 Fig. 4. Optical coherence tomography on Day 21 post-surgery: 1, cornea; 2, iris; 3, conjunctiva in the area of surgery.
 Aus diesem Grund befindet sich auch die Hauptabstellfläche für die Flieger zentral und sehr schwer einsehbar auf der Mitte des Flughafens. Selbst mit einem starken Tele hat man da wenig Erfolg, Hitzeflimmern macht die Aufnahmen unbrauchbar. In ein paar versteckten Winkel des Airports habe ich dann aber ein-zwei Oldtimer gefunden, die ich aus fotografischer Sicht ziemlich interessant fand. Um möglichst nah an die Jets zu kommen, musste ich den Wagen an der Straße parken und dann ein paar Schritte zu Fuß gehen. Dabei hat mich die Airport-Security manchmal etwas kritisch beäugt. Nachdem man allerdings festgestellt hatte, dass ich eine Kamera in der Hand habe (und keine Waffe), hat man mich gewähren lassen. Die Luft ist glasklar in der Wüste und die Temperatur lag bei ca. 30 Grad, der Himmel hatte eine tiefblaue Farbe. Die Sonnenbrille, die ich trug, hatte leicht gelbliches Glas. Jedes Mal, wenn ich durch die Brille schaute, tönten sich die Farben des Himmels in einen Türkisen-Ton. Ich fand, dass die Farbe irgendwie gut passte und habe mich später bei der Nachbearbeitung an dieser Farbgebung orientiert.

——

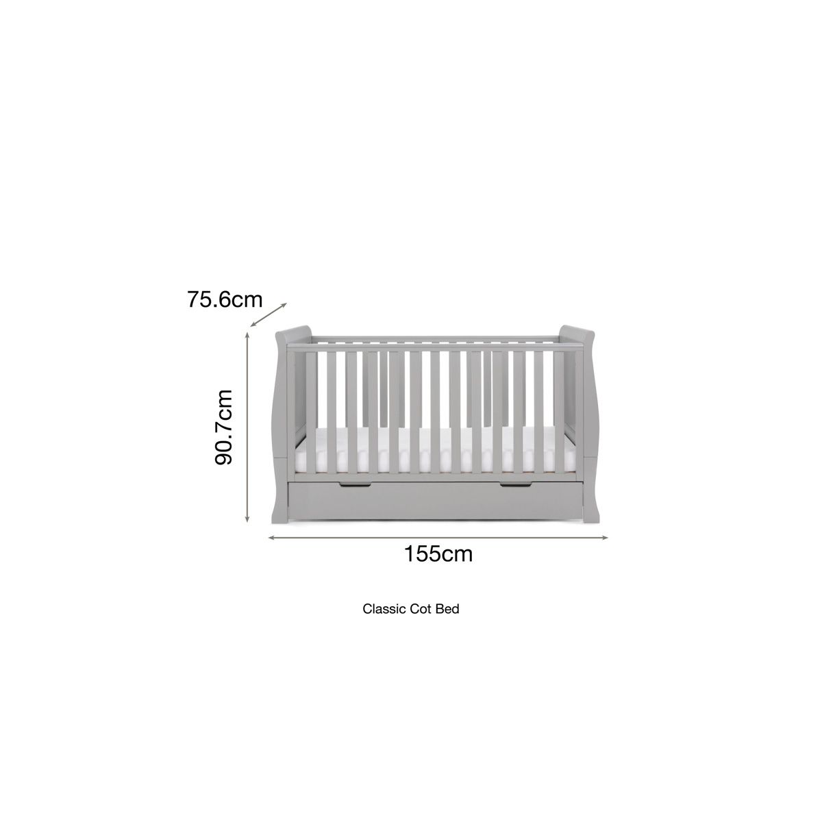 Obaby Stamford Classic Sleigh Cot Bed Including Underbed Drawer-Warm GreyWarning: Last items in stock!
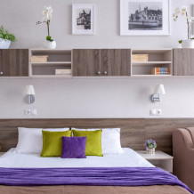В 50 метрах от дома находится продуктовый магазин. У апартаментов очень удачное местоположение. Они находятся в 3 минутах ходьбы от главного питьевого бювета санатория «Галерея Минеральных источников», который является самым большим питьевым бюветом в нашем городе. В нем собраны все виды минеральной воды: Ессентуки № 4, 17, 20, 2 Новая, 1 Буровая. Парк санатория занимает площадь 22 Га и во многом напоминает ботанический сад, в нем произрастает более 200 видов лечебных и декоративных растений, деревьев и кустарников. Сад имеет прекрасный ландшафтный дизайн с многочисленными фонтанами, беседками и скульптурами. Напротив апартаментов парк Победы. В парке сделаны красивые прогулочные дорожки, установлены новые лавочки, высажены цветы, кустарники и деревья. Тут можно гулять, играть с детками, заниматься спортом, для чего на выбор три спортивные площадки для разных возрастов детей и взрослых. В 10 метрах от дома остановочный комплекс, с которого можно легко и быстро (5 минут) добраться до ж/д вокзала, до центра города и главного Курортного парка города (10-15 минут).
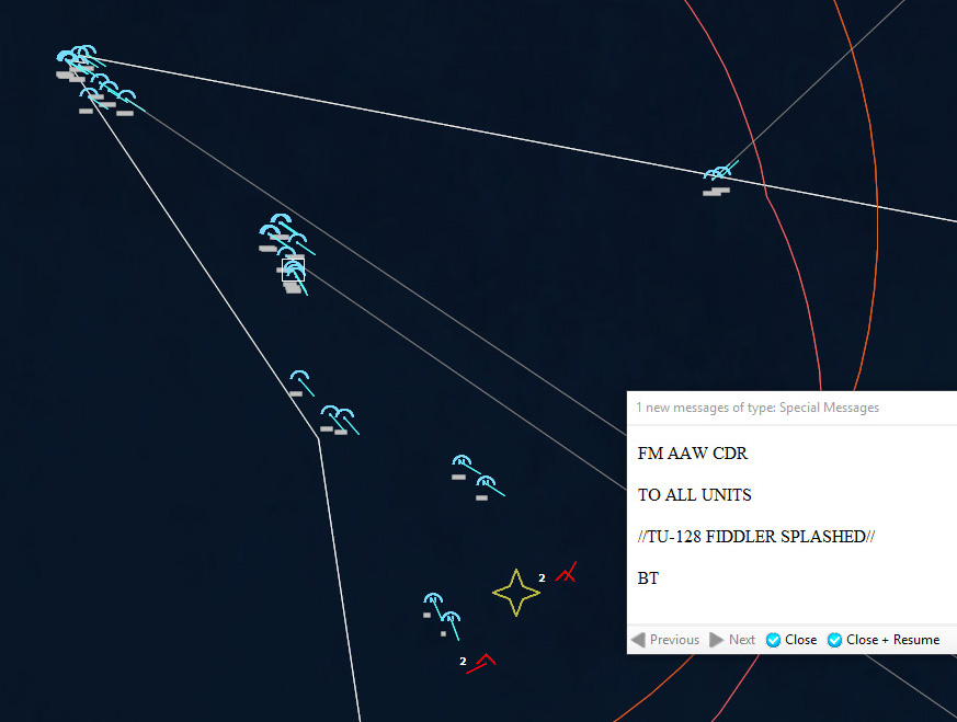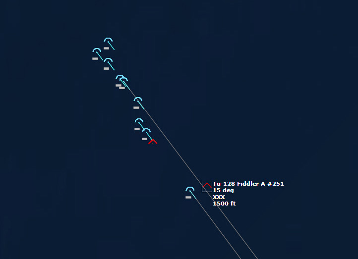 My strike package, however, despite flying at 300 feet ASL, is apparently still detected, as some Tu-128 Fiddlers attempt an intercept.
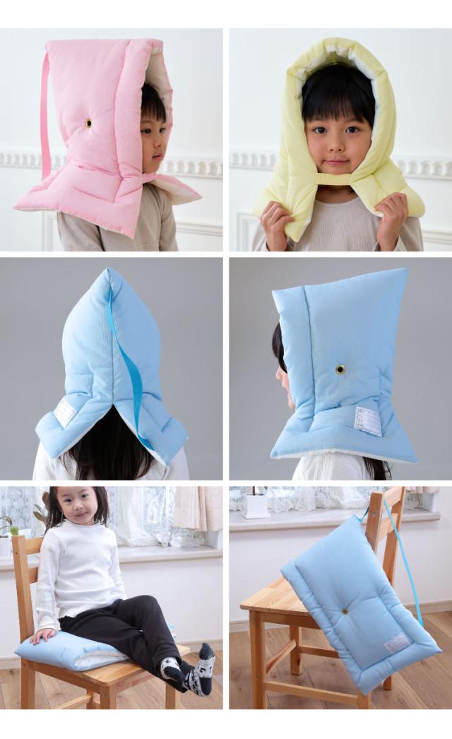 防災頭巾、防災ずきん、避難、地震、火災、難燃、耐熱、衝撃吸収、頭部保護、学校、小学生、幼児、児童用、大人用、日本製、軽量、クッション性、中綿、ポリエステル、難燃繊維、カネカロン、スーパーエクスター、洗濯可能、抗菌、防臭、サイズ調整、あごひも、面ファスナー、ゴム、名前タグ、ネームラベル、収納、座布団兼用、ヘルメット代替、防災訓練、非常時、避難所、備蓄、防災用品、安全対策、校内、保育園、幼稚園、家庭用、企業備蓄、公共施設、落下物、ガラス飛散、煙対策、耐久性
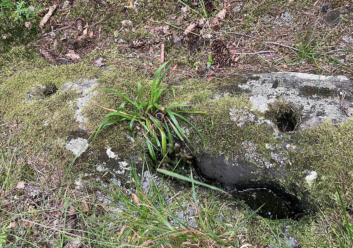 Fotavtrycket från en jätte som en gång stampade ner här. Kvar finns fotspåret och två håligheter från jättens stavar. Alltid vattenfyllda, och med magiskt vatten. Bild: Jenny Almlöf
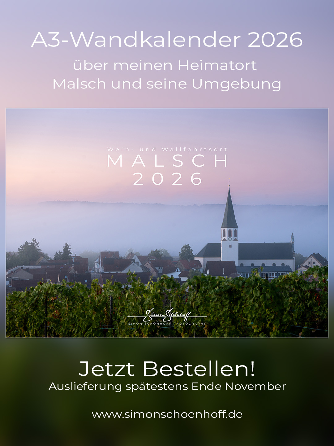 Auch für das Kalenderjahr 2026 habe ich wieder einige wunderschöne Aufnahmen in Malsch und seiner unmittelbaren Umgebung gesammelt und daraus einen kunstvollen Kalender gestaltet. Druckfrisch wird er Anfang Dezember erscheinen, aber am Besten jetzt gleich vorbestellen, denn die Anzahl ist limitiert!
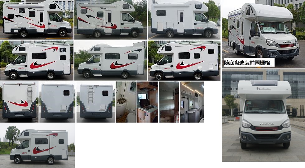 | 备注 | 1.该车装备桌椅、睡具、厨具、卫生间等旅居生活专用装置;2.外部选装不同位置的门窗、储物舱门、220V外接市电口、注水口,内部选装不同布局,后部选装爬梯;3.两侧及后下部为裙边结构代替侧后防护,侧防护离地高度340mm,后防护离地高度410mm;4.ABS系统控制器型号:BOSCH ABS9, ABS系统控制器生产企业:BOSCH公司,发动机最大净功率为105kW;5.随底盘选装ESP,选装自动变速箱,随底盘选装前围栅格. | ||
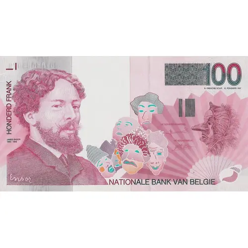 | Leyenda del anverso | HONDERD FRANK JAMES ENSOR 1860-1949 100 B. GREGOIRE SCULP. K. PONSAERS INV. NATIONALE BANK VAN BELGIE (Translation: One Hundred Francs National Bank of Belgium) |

——

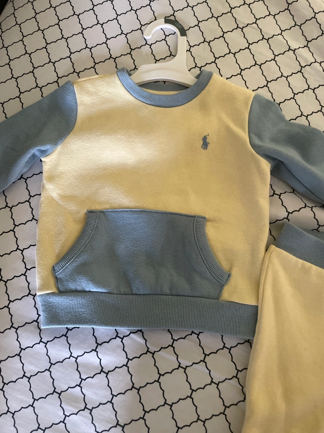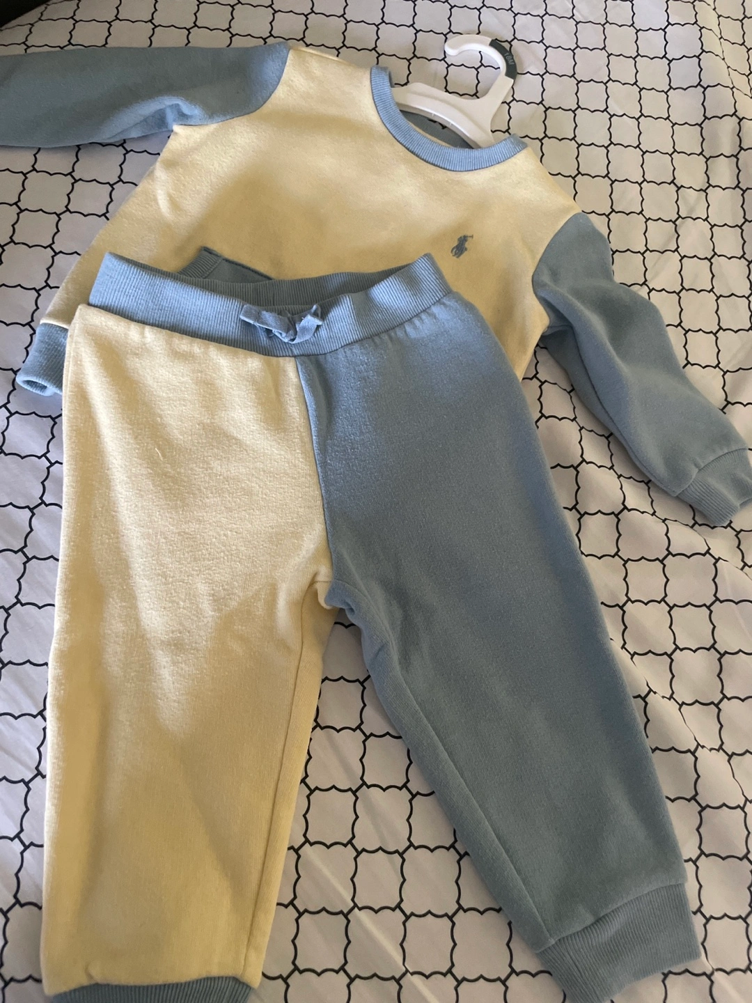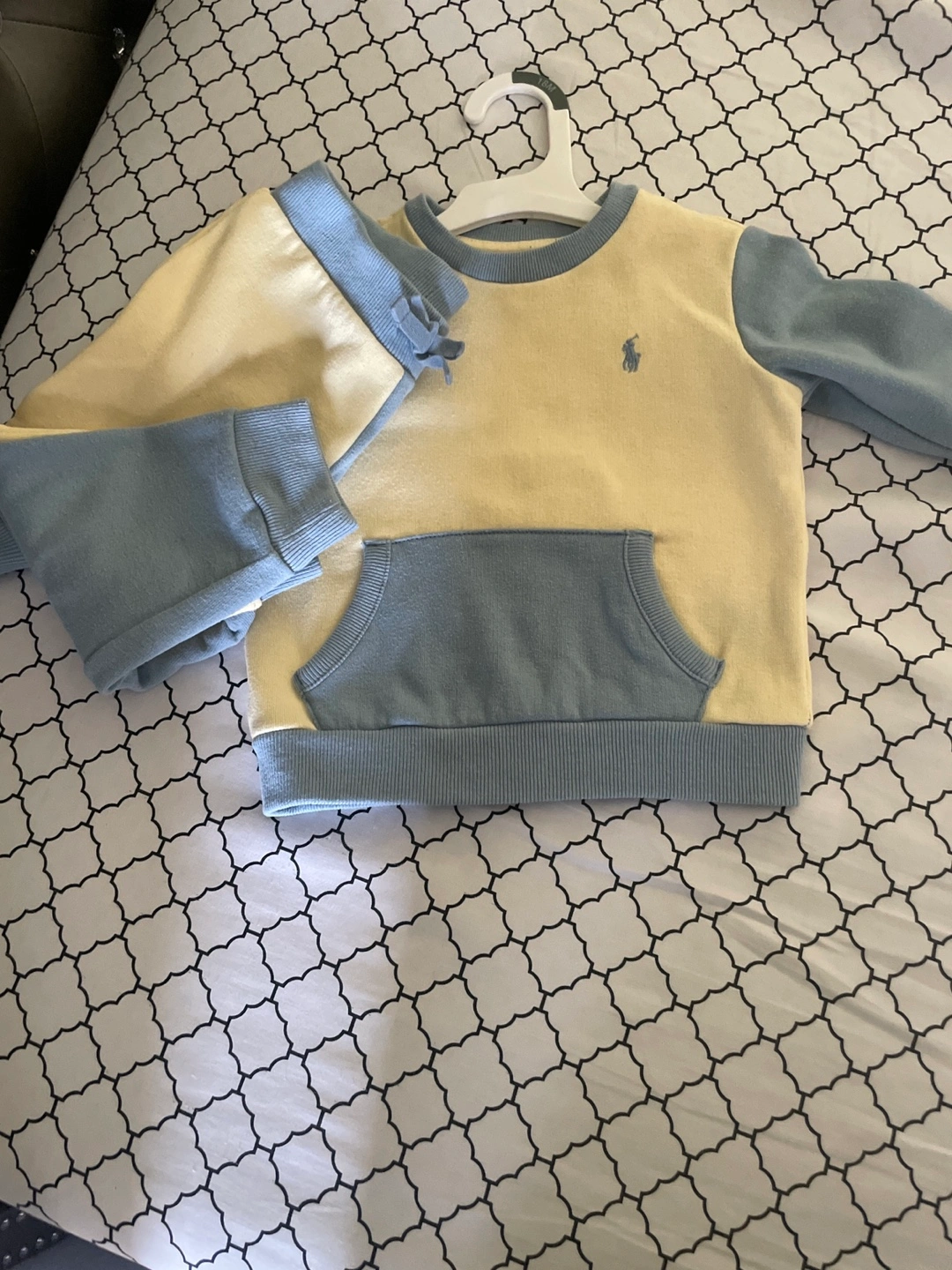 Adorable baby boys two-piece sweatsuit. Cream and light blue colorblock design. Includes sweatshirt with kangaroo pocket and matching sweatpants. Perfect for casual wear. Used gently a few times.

——

» **WHAT IS BEING ASKED**
In the listing above, find the line with "Fig. 4. Optical" and the line with "Aus diesem Grund"; output exactly those lines and all lines between them.

» **EXERCISE RESPONSE**
 Fig. 4. Optical coherence tomography on Day 21 post-surgery: 1, cornea; 2, iris; 3, conjunctiva in the area of surgery.
 Aus diesem Grund befindet sich auch die Hauptabstellfläche für die Flieger zentral und sehr schwer einsehbar auf der Mitte des Flughafens. Selbst mit einem starken Tele hat man da wenig Erfolg, Hitzeflimmern macht die Aufnahmen unbrauchbar. In ein paar versteckten Winkel des Airports habe ich dann aber ein-zwei Oldtimer gefunden, die ich aus fotografischer Sicht ziemlich interessant fand. Um möglichst nah an die Jets zu kommen, musste ich den Wagen an der Straße parken und dann ein paar Schritte zu Fuß gehen. Dabei hat mich die Airport-Security manchmal etwas kritisch beäugt. Nachdem man allerdings festgestellt hatte, dass ich eine Kamera in der Hand habe (und keine Waffe), hat man mich gewähren lassen. Die Luft ist glasklar in der Wüste und die Temperatur lag bei ca. 30 Grad, der Himmel hatte eine tiefblaue Farbe. Die Sonnenbrille, die ich trug, hatte leicht gelbliches Glas. Jedes Mal, wenn ich durch die Brille schaute, tönten sich die Farben des Himmels in einen Türkisen-Ton. Ich fand, dass die Farbe irgendwie gut passte und habe mich später bei der Nachbearbeitung an dieser Farbgebung orientiert.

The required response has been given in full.